In the U.S., people take Ginkgo biloba for a wide variety of health reasons, mostly to improve brain function and memory. However, clinical trials designed to assess the efficacy of Ginkgo biloba extract have not produced consistent evidence of benefit. There’s no conclusive evidence that ginkgo is helpful for any health condition.

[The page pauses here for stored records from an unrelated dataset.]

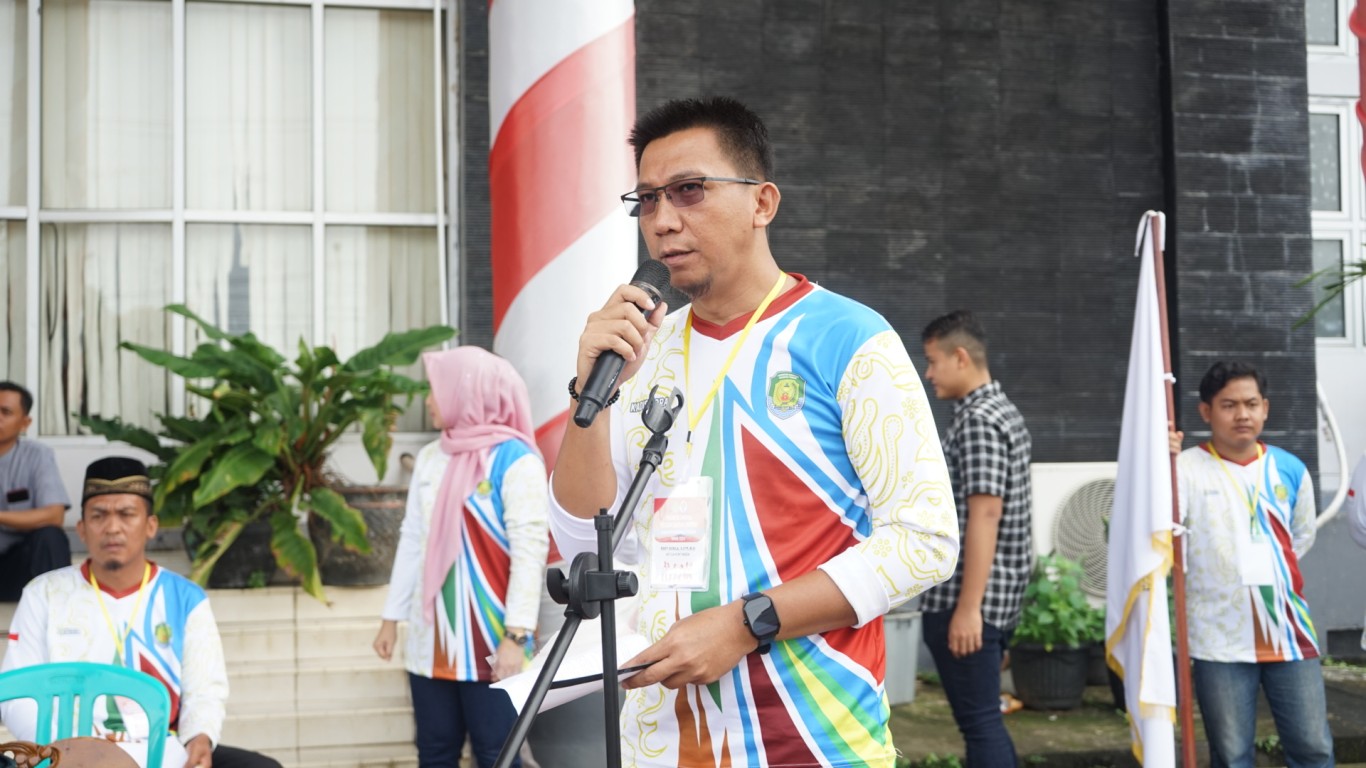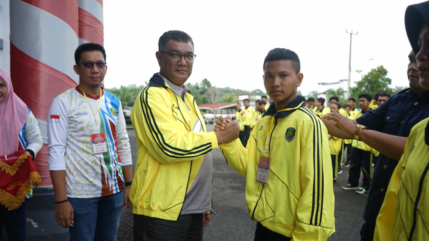 Pj. Bupati Bengkulu Tengah Heri Roni melepas secara langsung para atlet dengan memberikan kartu pengenal peserta secara simbolis kepada atlet dan pelatih serta menyerahkan Lambang pemerintah Daerah kepada Kadispora untuk di bawah langsung ke event Popda tersebut. Demikian (MC/EK)
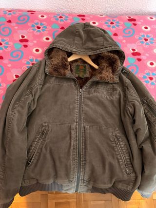 Cazadora de hombre con forro interior de borreguito. - Diseño moderno. - Cierre de cremallera. - Bolsillos laterales. - talla S - USADO 2 veces nada más
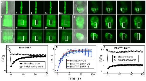 Figure 4. Aberrant mobility of RhoP23H-EGFP measured using fluorescence recovery after photobleaching.(a) Representative low magnification CSLM images of a live rod expressing soluble EGFP show the fluorescence distribution (merged with the DIC image, left) and with the region of interest (ROI) indicated (white box). The cell (P, pretreatment) was photobleached in the ROI (0 s) and the recovery was followed for the indicated time (in seconds). (b–f) Live rods expressing Rho-EGFP or RhoP23H-EGFP were photobleached in different regions and images from different times in the recovery period are shown at higher magnification. The pre-bleach sample is shown as a merge (fluorescence with DIC, left) and with fluorescence alone (P) followed by representative images immediately after bleach (0 s) and 5 s and 115 s post-bleach. The ROI is boxed in each image. Various compartments of the cells were photobleached: (b) base of the OS in cells expressing Rho-EGFP; (c) near the base of the OS in a region with no fluorescent foci in a cell expressing RhoP23H-EGFP; (d) IS in a cell expressing RhoP23H-EGFP; (e) in the OS with fluorescent RhoP23H-EGFP foci; (f) in an axial view of the OS with fluorescent RhoP23H-EGFP foci. (g) The photobleaching recovery profile of panel (b). Integrated fluorescence of Rho-EGFP in the ROI defined in (b), normalized to the integrated fluorescence of the same region in the pre-photobleached image (closed circles) compared to the fluorescence in a neighboring region (open triangles). (h) Integrated fluorescence recovery after photobleaching in regions of RhoP23H-EGFP that showed recovery following photobleaching (c and d). Averaged recovery profiles of photobleached areas in the two groups (c and d) were normalized in order to compare the half-time recovery of the mobile fraction of mutant opsin participating in recovery after photobleaching. Rho-EGFP (red trace) is included for comparison. (i) The photobleaching recovery profile of panel (e) from the ROI (closed circles) and a neighboring area (open triangles). There is no significant change in the fluorescence of the foci on the left of photobleaching box during the recovery period (open triangles). Scale bars, 5 µm.
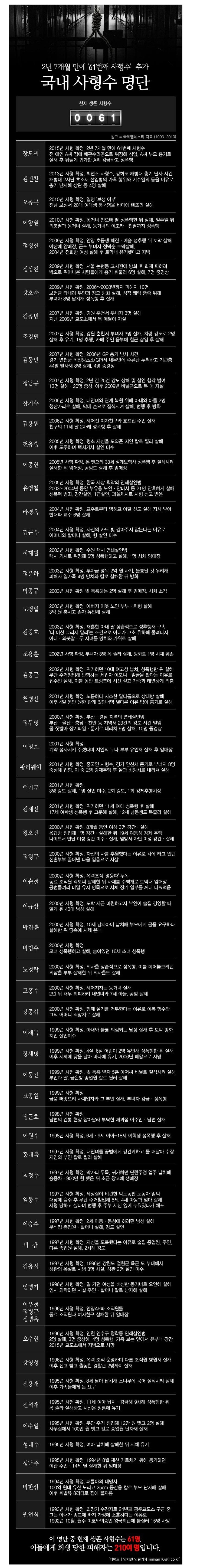 2015년 사형 확정. 2년 7개월 만에 61번째 사형수

Although some studies suggest that ginkgo may help to slightly improve memory in those with dementia, the findings have been described as unreliable. Also, other studies have had conflicting findings. In clinical trials, ginkgo biloba failed to prevent cognitive decline or dementia. Ginkgo neither helps prevent dementia or cognitive decline nor prevents Alzheimer’s-related dementia from getting worse—this is according to studies that include the long-term Ginkgo Evaluation of Memory Study, which enrolled more than 3,000 older adults. Multiple clinical trials involving thousands of patients have conclusively shown that treatment with Ginkgo biloba for up to six years does not prevent cognitive decline or dementia, including Alzheimer’s disease ²⁴⁰, ²⁴¹, ²⁴², ²⁴³. This is disappointing since preclinical studies indicated that Ginkgo biloba contains several components that improve brain blood flow and mitochondrial function ²⁴⁴, ²⁴⁵. Mitochondria are the “power plants” of human cells that often malfunction with age and in diseases such as Alzheimer’s disease. For various health conditions, a small amount of evidence suggests a benefit from taking ginkgo, but the overall evidence is not conclusive. These conditions include anxiety, diabetic retinopathy, glaucoma, peripheral artery disease, premenstrual syndrome (PMS), schizophrenia, and vertigo. Research seems to suggest that ginkgo doesn’t help with memory enhancement in healthy people, high blood pressure, tinnitus, multiple sclerosis, seasonal affective disorder, or the risk of having a heart attack or stroke.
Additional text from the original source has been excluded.